Additionally, it has two helper functions used during set up:
* `add_word()` adds a word to the vocabulary.
* `add_sentence()` adds all the previously unknown words in a sentence to the vocabulary (simply splitting the sentence by blank spaces.

In [None]:
# RUN THIS CELL BUT DO NOT EDIT IT
UNK_token = 0   # Unknown '<unk>'
UNK_symbol = '<unk>'

class Vocab:
  def __init__(self, name=''):
    self.name = name
    self._word2index = {UNK_symbol: UNK_token}
    self._word2count = {UNK_symbol: 0}
    self._index2word = {UNK_token: UNK_symbol}
    self._n_words = 1

  def get_words(self):
    return list(self._word2count.keys())

  def num_words(self):
    return self._n_words

  def word2index(self, word):
    if word in self._word2index:
      return self._word2index[word]
    else:
      return self._word2index[UNK_symbol]

  def index2word(self, word):
    return self._index2word[word]

  def word2count(self, word):
    return self._word2count[word]

  def add_sentence(self, sentence):
    for word in sentence.split(' '):
      self.add_word(word)

  def add_word(self, word):
    if word not in self._word2index:
      self._word2index[word] = self._n_words
      self._word2count[word] = 1
      self._index2word[self._n_words] = word
      self._n_words += 1
    else:
      self._word2count[word] += 1

## CBOW

The continuous bag of words model

### Data preparation

In [None]:
# Hyperparameters; feel free to change them
CBOW_EMBED_DIMENSIONS = 100
CBOW_WINDOW = 4
CBOW_MAX_LENGTH = 50
CBOW_BATCH_SIZE = 1024
CBOW_NUM_EPOCHS = 2
CBOW_LEARNING_RATE = 5e-4

Before training the CBOW model, we must prepare the data for training.

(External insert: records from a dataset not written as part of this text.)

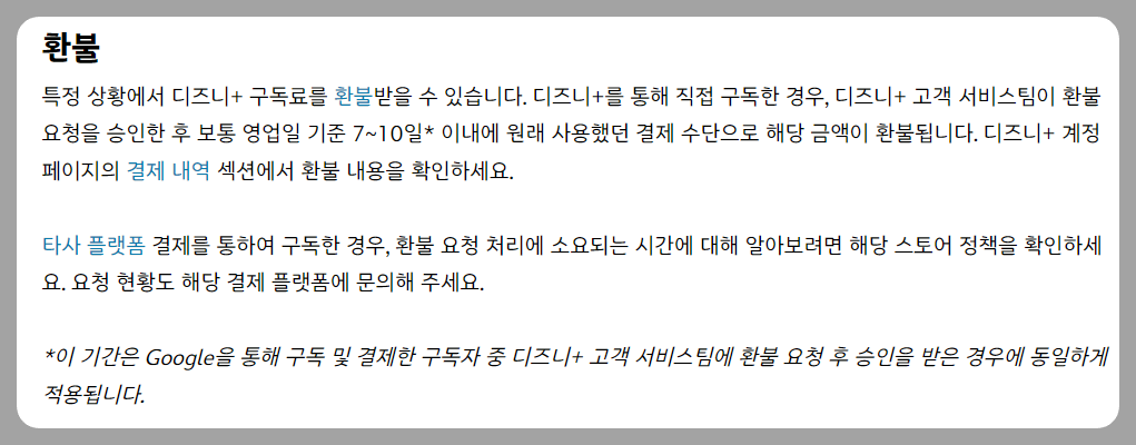 ✅ 디즈니 플러스를 통해 직접 구독한 경우, 특정상황에 따라 구독료 환불도 가능합니다. 고객 서비스팀이 환불 요청을 승인한 후 보통 영업일 기준 7~10일 이내에 원래 사용했던 결제 수단으로 해당금액이 환불됩니다. (위의 내용 참고)
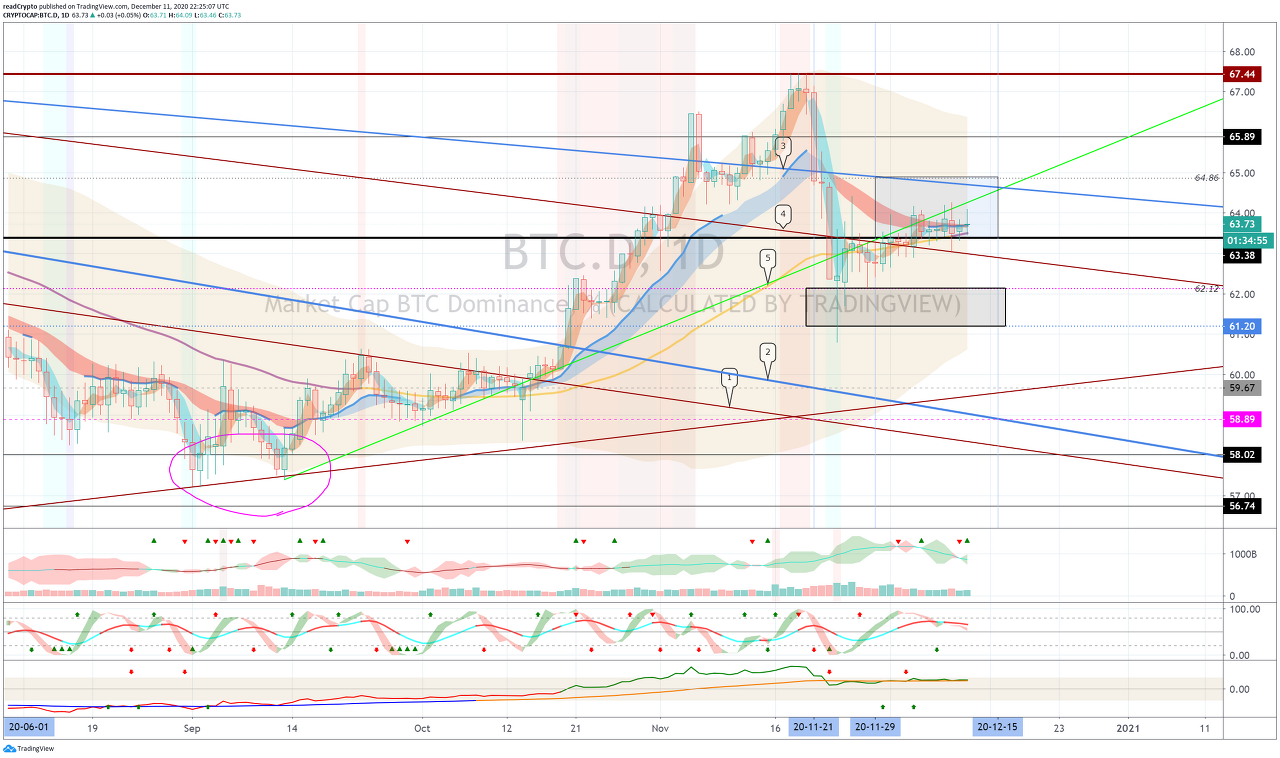 상승 추세선 (5)에서 저항을 받는다면, 63.38 지점 이하로 하락할 가능성은 있다고 생각합니다.
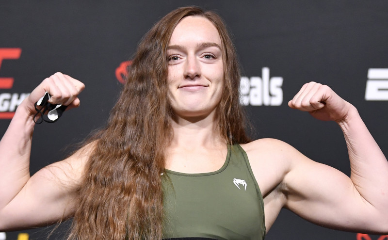 長髪美女戦士・アスペン・ラッドがムキムキマッスルポーズで計量パス(©Getty Images/UFC)
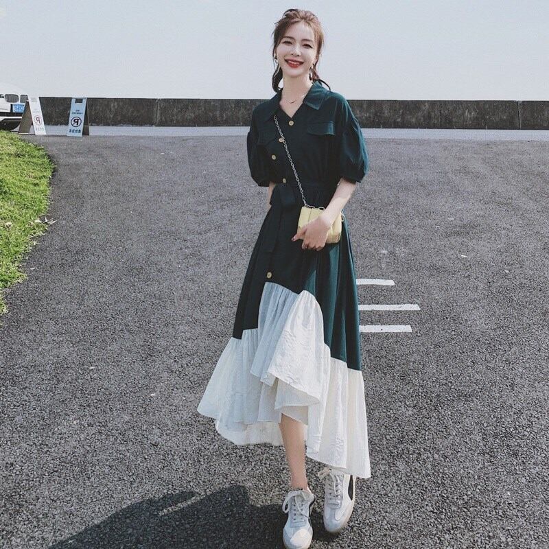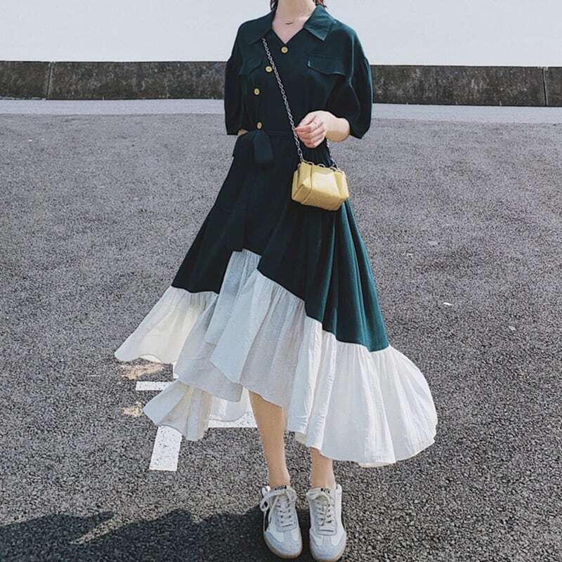 トレンドワンピース ワンピ ワンピース 女子 おしゃれ フリル パフスリーブ 半袖 ハーフスリーブ ボリューム裾 M L XL 2XL 3XL 4XL グリーン お出かけ 旅行 パーティー イベント 二次会 発表会 披露宴 デート リゾート メンズライク 韓国デザイン オルチャンファッション プチプラ ランキング キュート お勧め 大人かわいい 大人クール デザイン重視 ロング丈 ロング プラスサイズ 女性 新しい 不規則ドレス アシンメトリー インスタ映え 映える 海外ファッション モテ
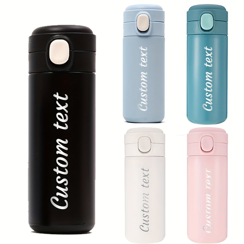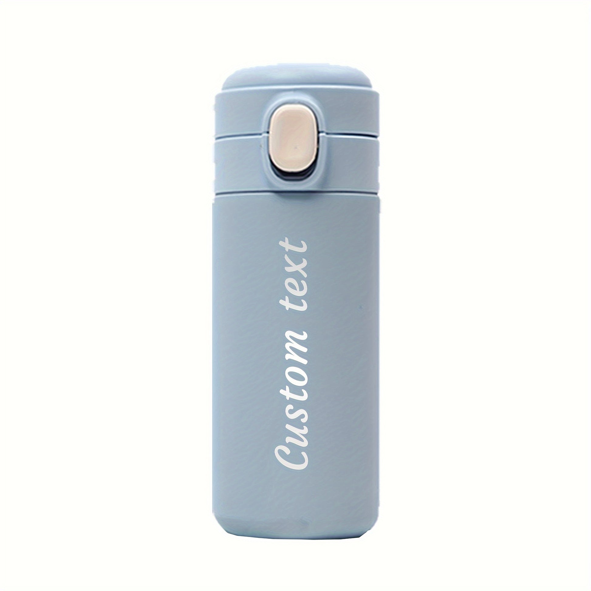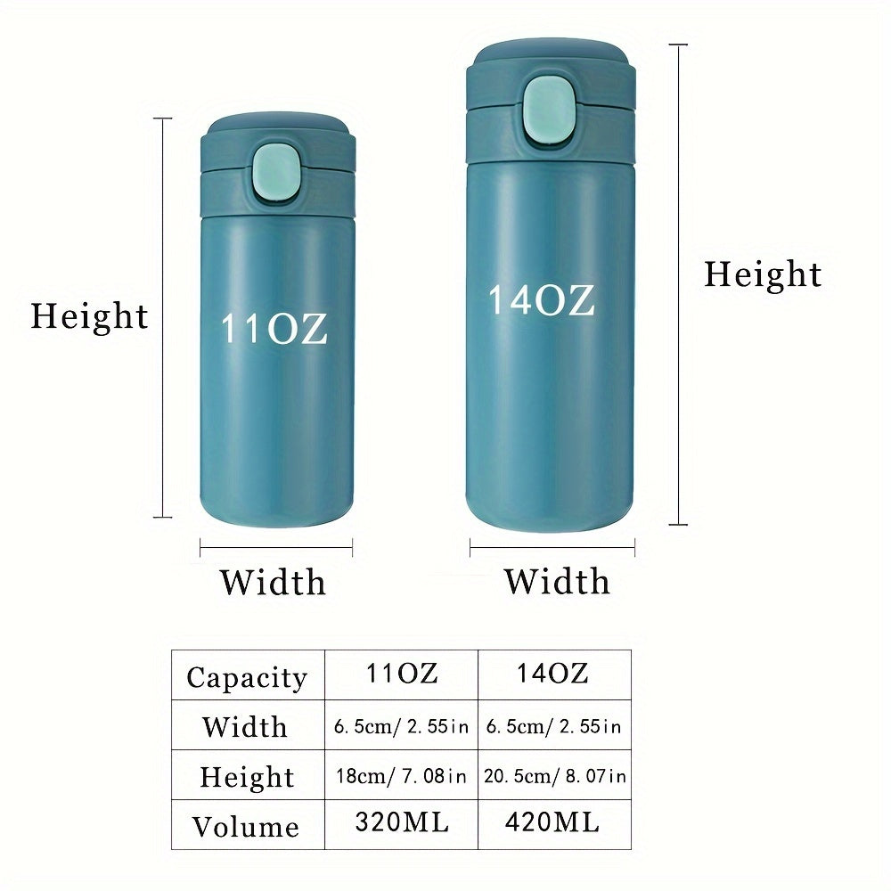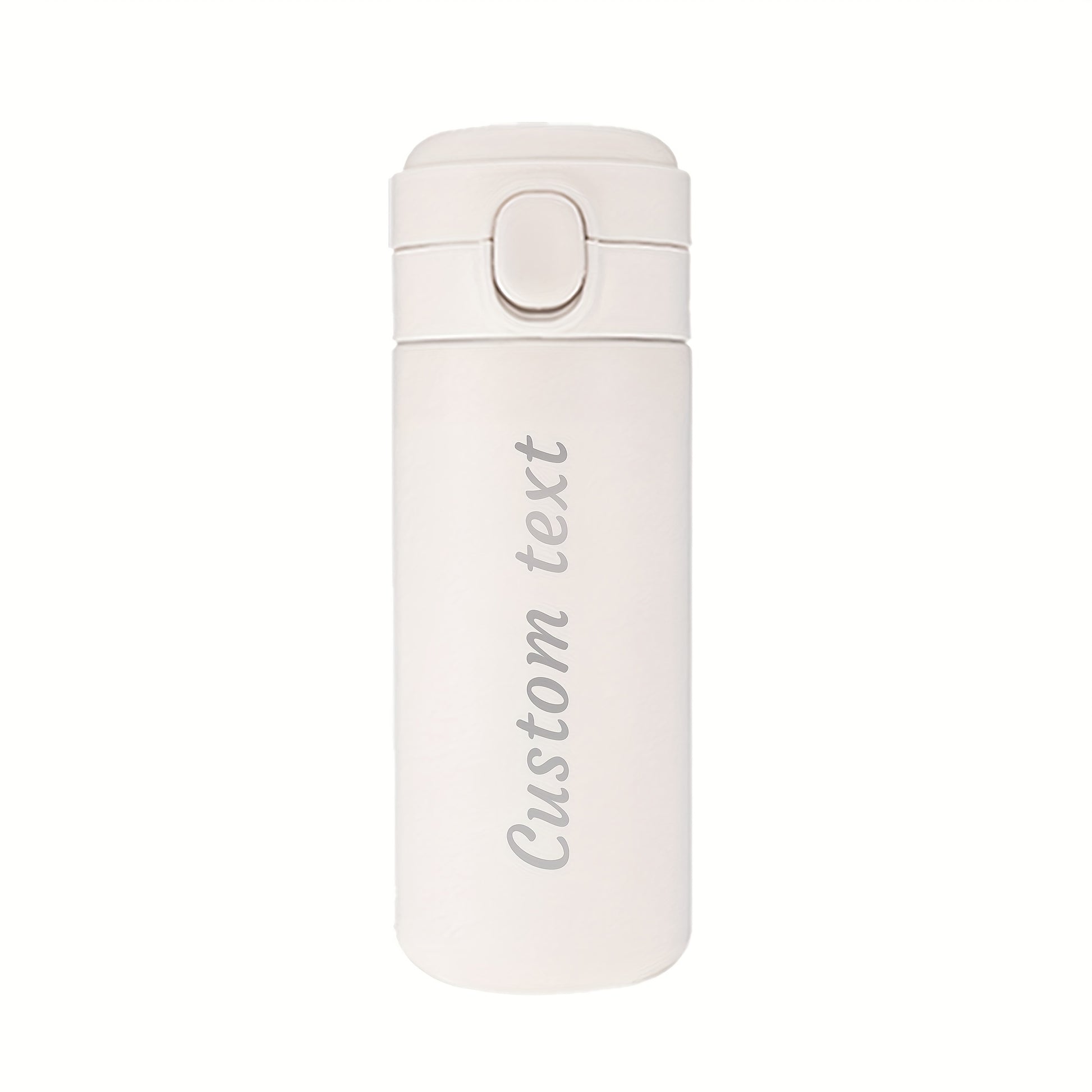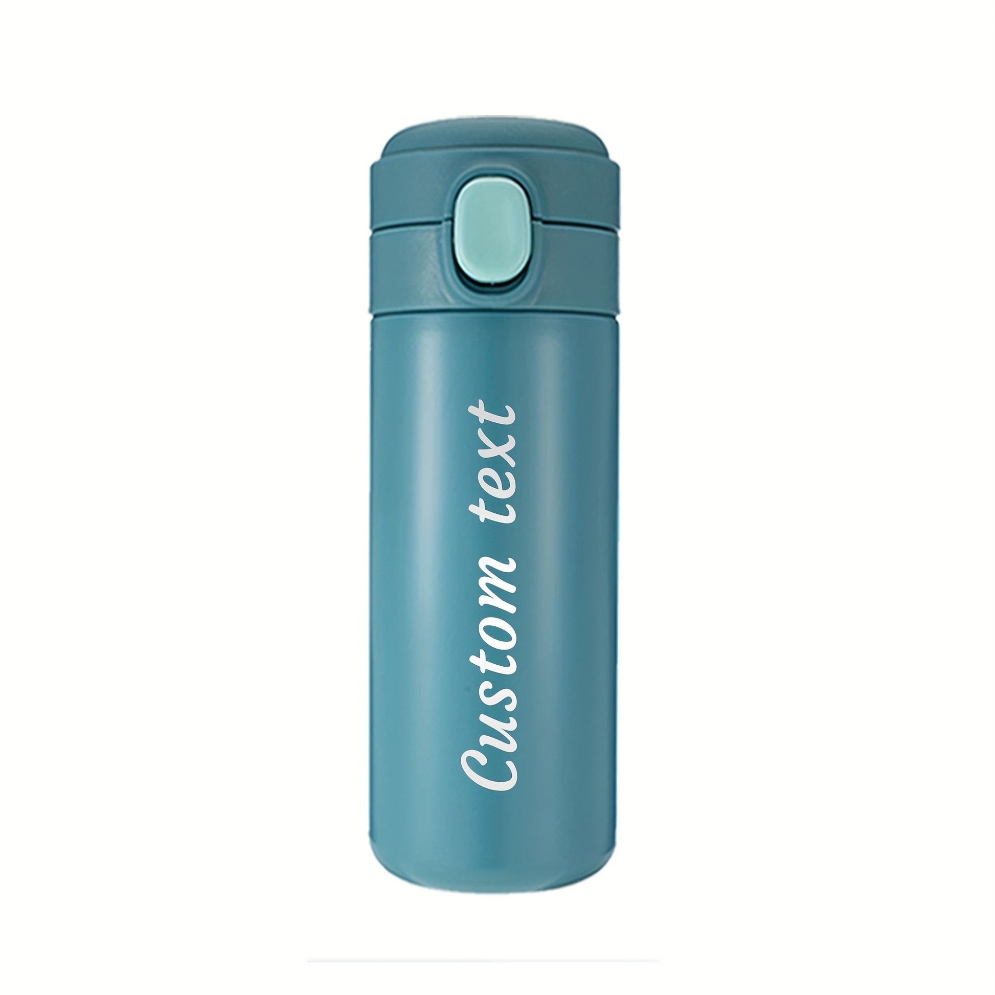 Maxsus lazer bilan o'yilgan matnli zanglamas po'latdan yasalgan suv shishasi, o'lchamlari 7-320ml/11-420ml, qulay foydalanish uchun ko'tariladigan qopqoq, sport va sayohat uchun ideal.
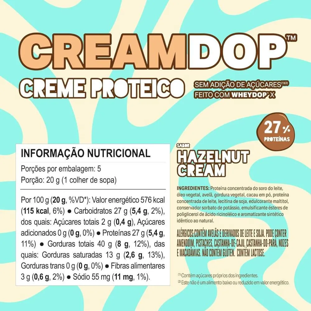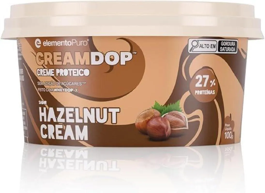 CREAMDOP™ Creme Proteico – Avelã 100 g Cremoso, nutritivo e sem adição de açúcares*, é o doce que sua dieta permite.
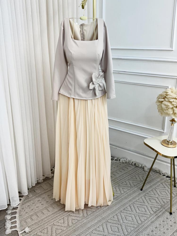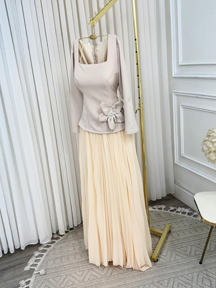 تميزي بأناقة لا مثيل لها مع فستان سهرة بيج ضيق مزين بليسيه، هذا الفستان يجسد الفخامة والأنوثة في تصميم واحد. يعتبر هذا الفستان أَيْضًا مثالي للمناسبات الخاصة مثل حفلات الخطوبة والسهرات المسائية، ما يميزة أَيْضًا قصته الضيقة التي تبرز جمال قوامك، بالإضافة إلى تفاصيل البليسيه التي تضفي لمسة من الأناقة والتميز.
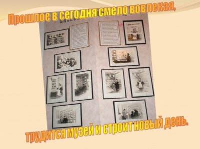 Экспозиция "Школьный музей 70-х годов". На стенде размещены фотографии экспозиций музея школы №241
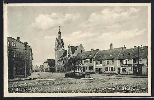 AK Güsten / Anhalt, Marktplatz mit Rathaus
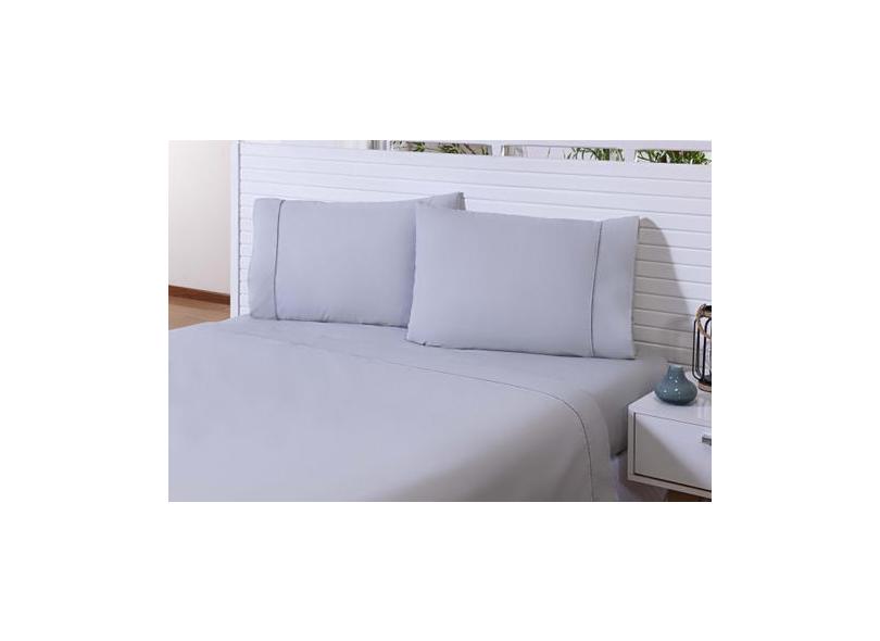 Jogo Lençol Casal Ponto Palito 4 PC 100% Algodão 180 Fios Cinza - MIGU

The CBOW model learns to predict a word based on the words to the left and the words to the right.

This function takes a Pandas data frame and converts it into a regular python array consisting of `(x, y)` pairs where:
* `y` is the index of a word in the corpus.
* `x` is a list of indexes of words to the left of `y` and to the right of `y`.

For example, consider the sentence "The quick brown fox jumped over the lazy dog". For a window of size two, we would create the following data:
1. `x=[the, quick, fox, jumped]`, `y=brown`
2. `x=[quick, brown, jumped, over]`, `y=fox`
3. `x=[brown, fox, over, the]`, `y=jumped`
4. `x=[fox, jumped, the, lazy]`, `y=over`
5. `x=[jumped, over, lazy, dog]`, `y=the`

(Except instead of words, there would be the indices for each word in the vocabulary)

This is done for every document in the data frame.

`prep_cbow_data()` (below) will also simultaneously create the Vocab object.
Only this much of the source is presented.